Проезжая по знакомым с детства пригородам Нью-Джерси, я испытывал какое-то странное чувство. В те времена это было провинциальное предместье, где селились люди среднего класса, — отцы работали, жены готовили обед, звонили церковные колокола, — а я не чаял оттуда вырваться. После одиннадцатого класса поступил в университет в окрестностях Бостона, потом перебрался в Европу, оттуда в Нью-Йорк и больше никогда здесь не жил. Эти места
И вот теперь я — мне едва перевалило за сорок — вернулся в свой родной город.
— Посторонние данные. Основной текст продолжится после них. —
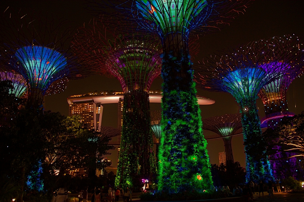 В саду "растут" 18 супердеревьев от 25 до 50 метров в высоту, питаемые электричеством от фотоэлементов, встроенных в конструкции и питающие сами себя, собирая воду от сингапурских проливных дождей.На супердеревьях растут 162900 растений более 200 разновидностей — папоротники, лианы, орхидеи...Световое Шоу называется OCBC Garden Rhapsody.Во время 15-минутной программы подсветка деревьев постепенно меняется, переливаясь всеми цветами радуги.Смотрится вживую очень красиво! (кликабельно)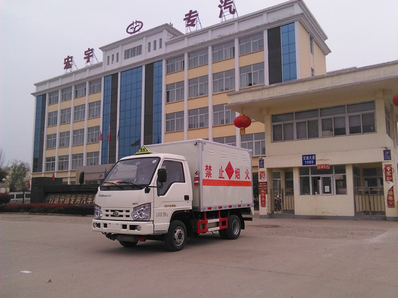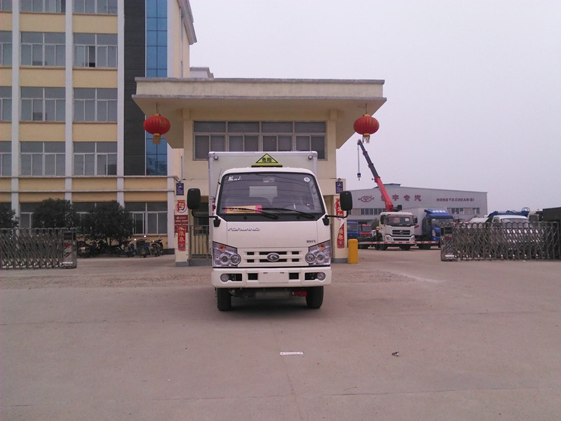 爆破器材运输车厢体选开侧门和隔仓,特殊车型选装抗爆容器筒或者抗爆容器厢,专门用于雷 管运输。本公司专业生产吨位从0.2吨到9.9吨可选,底盘选用国内大品牌东风、江铃、五十铃、福田、江淮及两驱、四驱等车型。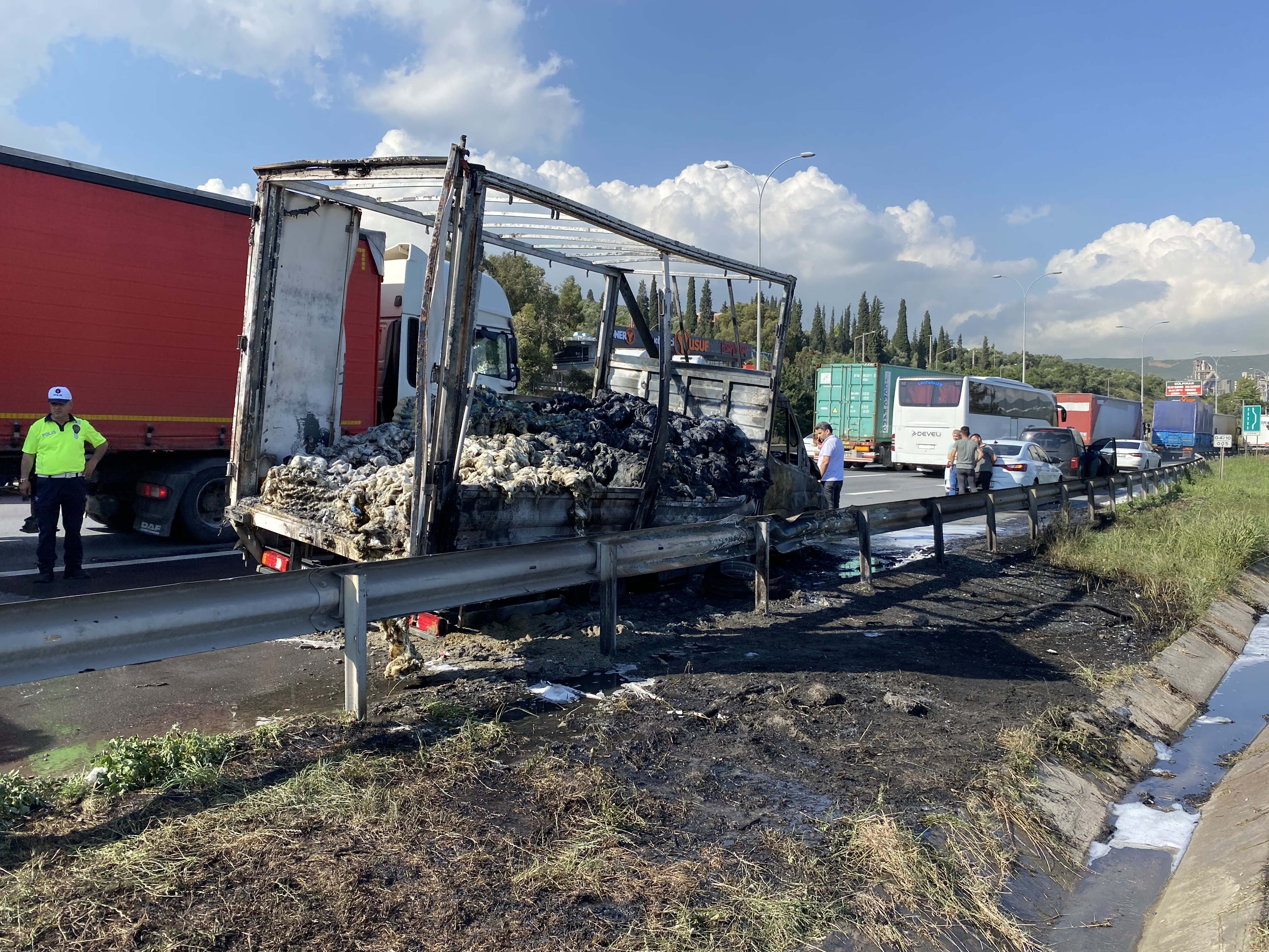 Yangın, Dilovası D-100 Karayolu Ankara istikameti Tavşancıl mevkiinde meydana geldi. Edinilen bilgiye göre, seyir halindeki 41 ALR 510 plakalı kapalı kasa kamyonetin lastiği patladı. Durumu fark eden sürücü, trafiği tehlikeye sokmamak için aracını kenara çekti. Sürücü araçtan inerken bu sefer de aracın lastiği alev aldı. Sürücü İbrahim Kader, yangın söndürme tüpüyle müdahale etmeye çalışsa da başarılı olamadı. Kısa sürede büyüyen yangın, poşet yüklü kamyonetin tamamına sıçradı. Dumanlar gökyüzünü siyaha bürürken ihbar üzerine olay yerine itfaiye ve polis ekipleri sevk edildi.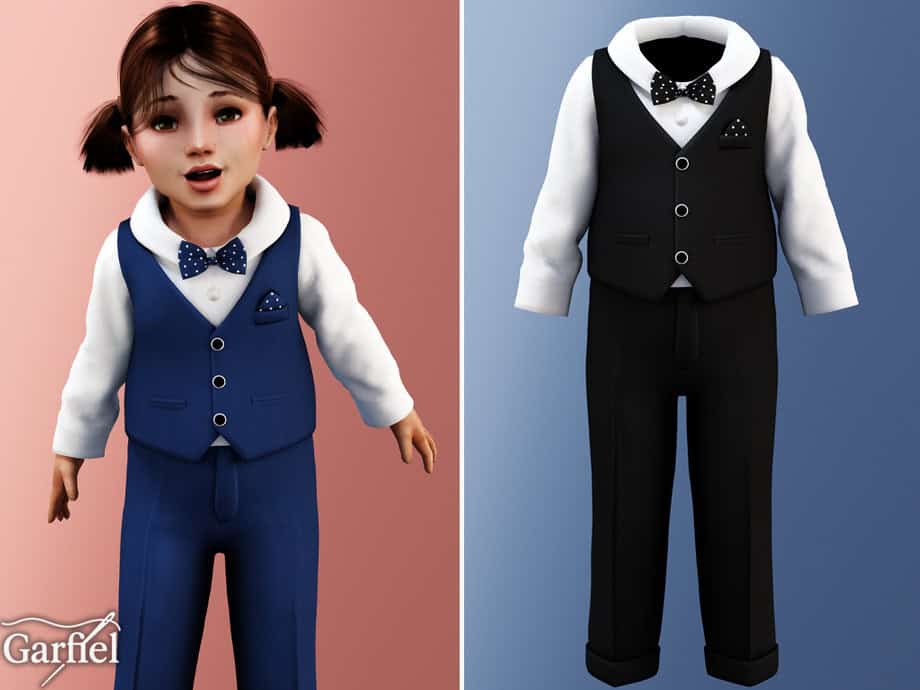Dressy Vest Suit with Bow Tie and Shirt is a polished toddler formal outfit that combines a crisp long-sleeve shirt with a tailored vest and matching trousers. The outfit is perfect for weddings or family photos, and it’s one of my favorite Sims 4 cc finds for March 2026.

Проезжая мимо продуктового магазина, я увидел в витрине рекламу «Лед с сиропом». Детьми мы очень любили этот лед с вишневым или лимонным сиропом — десять центов за маленький стаканчик, двадцать пять — за большой. Такого лакомства я больше нигде и никогда не видел. Из магазина вышел мужчина, лизавший лед из стаканчика; и я вдруг подумал: интересно, как бы обернулась моя жизнь, если бы я остался в этом предместье и, уже будучи взрослым, лизал лед из стаканчика?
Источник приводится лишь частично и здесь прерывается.